Last time I wrote about my quest to get nmdist running on my Surface Pro 11 at a consistent 60 fps, and I noted how the performance numbers I collected were more or less useless due to VSync. I did some retooling and got proper numbers with VSync disabled and there were some surprises! As a reminder, these are the machines I tested on:
| Machine Name | CPU Model | GPU Model | Resolution/Refresh |
|---|---|---|---|
| Dev Machine | AMD Ryzen 9 5950X | RTX 4080 SUPER | 2560x1440 @ 144Hz |
| Test Machine | AMD Ryzen 7 5700X | Intel ARC A380 | 1920x1080 @ 60Hz |
| Surface Pro 11 | Snapdragon X Elite | Adreno X1-85 | 2880x1920 @ 120Hz |
Here are the new numbers:
| Machine Name | No Culling | Standard | Indirect/CPU | Indirect/GPU |
|---|---|---|---|---|
| Dev Machine | 1000 fps | 940 fps | 510 fps | 1030 fps |
| Test Machine | 557 fps | 550 fps | 288 fps | 468 fps |
| Surface Pro 11 | 60 fps | 63 fps | 50 fps | 30 fps |
These numbers are more useful! And you might have noticed that I didn’t actually fail when I thought I had! Both the “No Culling” and “Standard” codepaths hit 60 fps! My only guess is that somewhere along the display chain, VSync is busted on this device and locked me to 30 fps before, despite being able to consistent stay above 60 fps. Second, it seems that I was right that the NVIDIA driver was forcing VRR mode when windowed, and I’m still baffled by that behavior.

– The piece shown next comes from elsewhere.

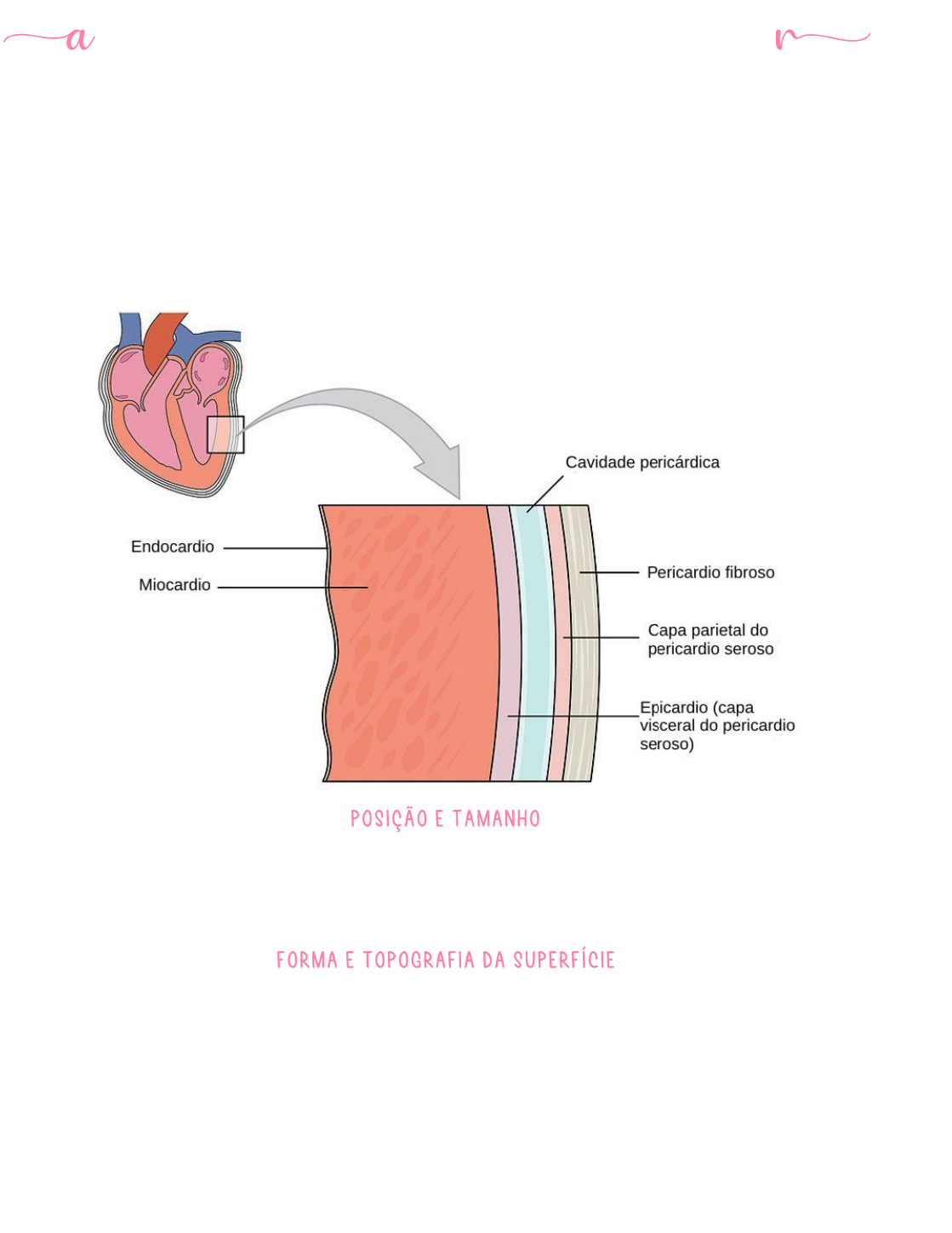 natomia do sistema cardiovascula O coração é o órgão central do sistema circulatório. É composto principalmente pelo músculo cardíaco, chamado miocárdio, o qual forma uma bolsa dividida em quatro câmaras: átrio direito, átrio esquerdo, ventrículo direito e ventrículo esquerdo. O coração é envolvido pelo pericárdio e forma parte do mediastino. O pericárdio é uma cobertura fibrosserosa, trata- se essencialmente de um saco com invaginação profunda com seu lúmen, a cavidade pericárdica, que se reduz a uma fenda capilar. Essa fenda contém uma pequena quantidade de fluido seroso, o líquido pericárdico (facilita o movimento do coração contra o pericárdio). O pericárdio pode ser dividido em parte fibrosa central e uma parte serosa interna e externa. Ainda pode ser dividido em: pleura pericárdica, pericárdio fibroso e pericárdio seroso. O coração se situa no mediastino, sendo a maior parte posicionada a esquerda do plano mediastino. Ele se prolonga entre a 3ª e a 6ª costelas (7ª no cão e no gato). Grande parte da superfície do coração é coberta pelo pulmão. Caudalmente, o coração se projeta até o diafragma. Variações quanto a posição e tamanho ocorrem entre espécies, raças e indivíduos. O coração se assemelha a um cone, sendo que sua base se volta dorsalmente e seu ápice se volta ventralmente, próxima ao esterno. Embora sua forma seja cônica, o coração é comprimido lateralmente, especialmente em direção ao ápice, ajustando-se ao tórax. A base do coração é o hilo do órgão, através do qual as grandes veias penetram e as grandes artérias deixam o coração. As aurículas dos átrios são visíveis no lado esquerdo, envolvendo a raiz da aorta e o tronco pulmonar, enquanto as partes principais dos átrios e as grandes veias se localizam no lado direito. As divisões da estrutura interna do coração são visíveis como sulcos em sua superfície. A face direita ou atrial do coração é marcada pelo sulco interventricular subsinuoso, o qual se prolonga desde o sulco coronário até o ápice do coração. O sulco interventricular paraconal corre sobre a face esquerda do coração a partir do sulco coronário até o terço distal da margem cranial. O sulco coronário marca a separação dos átrios e ventrículos. Ele contém uma grande quantidade de tecido adiposo, o qual envolve os vasos sanguíneos coronários. O coração é dividido internamente por um septo interventricular longitudinal em lado esquerdo e direito. O átrio direito forma a parte direita e recebe sangue da veia cava cranial, da veia cava caudal e do seio coronário, o qual coleta por si o sangue venoso da maior parte do coração. Ele se divide em uma parte principal, o seio das veias cavas e uma parte de terminação cega, a aurícula do átrio direito. Ele se separa do átrio esquerdo por um septo interatrial. O tubérculo intervenoso, uma crista transversa de tecido entre as aberturas das duas veias cavas, projeta-se para o interior do átrio direito e direciona o fluxo de sangue através do óstio atrioventricular. Imediatamente caudal a esse tubérculo, no septo interatrial, há uma área com uma depressão, a fossa oval, um vestígio de forame oval do desenvolvimento fetal. A superfície interna da parede da aurícula do átrio direito é fortalecida pelos músculos pectíneos entrelaçados que formam cristas irregulares. O átrio esquerdo forma a parte esquerda dorsocaudal da base do coração. Ele recebe sangue oxigenado das veias pulmonares e se assemelha ao átrio direito quanto a forma e estrutura. O átrio esquerdo se abre para o ventrículo esquerdo através do óstio atrioventricular esquerdo. O ventrículo direito possui formato de meia lua em secção transversal e molda-se a superfície do ventrículo esquerdo cônico. Ele não se prolonga até o ápice do coração. O ventrículo recebe sangue desoxigenado do átrio direito e o bombeia através do cone arterial para o tronco pulmonar, o qual transporta o sangue para o pulmão. O cone arterial é a parte em forma de funil do ventrículo direito, que se separa da câmara principal pela crista supraventricular e é contido pela aurícula do átrio direito externamente. A crista supraventricular é uma elevação dos músculos posicionada obliquamente que se projeta ventralmente entre a origem do cone arterial e o óstio atrioventricular. No óstio atrioventricular direito, encontra-se a valva atrioventricular direita ou valva tricúspide. Ela possui três válvulas que se fixam perifericamente aos anéis fibrosos do esqueleto cardíaco, que circunda o óstio atrioventricular. Cada válvula é reforçada por fios fibrosos, as cordas tendíneas. Essas cordas tendíneas emergem das projeções musculares cônicas, os músculos papilares, e se projetam até a margem livre e a face ventricular adjacente da valva atrioventricular direita. De modo geral, há três músculos que se projetam das paredes ventriculares e do septo interventricular para o interior da câmara. As cordas tendíneas se dispõem de tal forma que conectam cada músculo a duas válvulas e cada válvula a dois músculos. Essa disposição impede o prolapso da valva para o átrio quando os ventrículos se contraem. A valva atrioventricular direita impede que o sangue retorne do ventrículo para o átrio direito durante a fase sistólica. Durante a diástole, o refluxo do sangue do tronco pulmonar para o ventrículo direito é impedido pela valva do tronco pulmonar. Ela é composta por três válvulas semilunares. O lúmen do ventrículo direito é cruzado por uma faixa, a trabécula septomarginal, que passa do septo interventricular para a parede externa. A parte ventral do ventrículo direito é marcado por várias ondulações miocárdicas, as trabéculas cárneas, que se projetam principalmente da parede externa. O ventrículo esquerdo é cônico, sendo que seu ápice forma o ápice do coração. Ela recebe o sangue oxigenado dos

Another interesting finding is that on the Surface Pro 11, Indirect/CPU performed better than Indirect/GPU. I can only speculate why this is, but I’m guessing that indirect drawing is emulated on this device, and the fact that I’m writing to the indirect buffer from the CPU may be giving the Qualcomm driver an opportunity to skip GPU readback when emulating the indirect draw call.
Similarly, I believe that Intel’s Alchemist GPUs emulate indirect drawing. This is supported by a comment made by Intel’s Tom Petersen when interviewed by Gamers Nexus, which you can watch here. I’m very interested to get my hands on a Battlemage card, as that shouldn’t be emulating indirect drawing! Too bad they’re sold out on Newegg…
Finally, this seems to back up my conclusions from the previous post. Most of the performance gains were achieved via atlasing the map textures, and frustum culling didn’t do a whole lot. That’s to be expected, given that Half-Life is a 25 year old game that had tiny triangle budgets by today’s standards. I’m still interested in doing some testing with custom maps that try to push the nmdist engine, as well as getting my hands on an Intel ARC B580 to test with.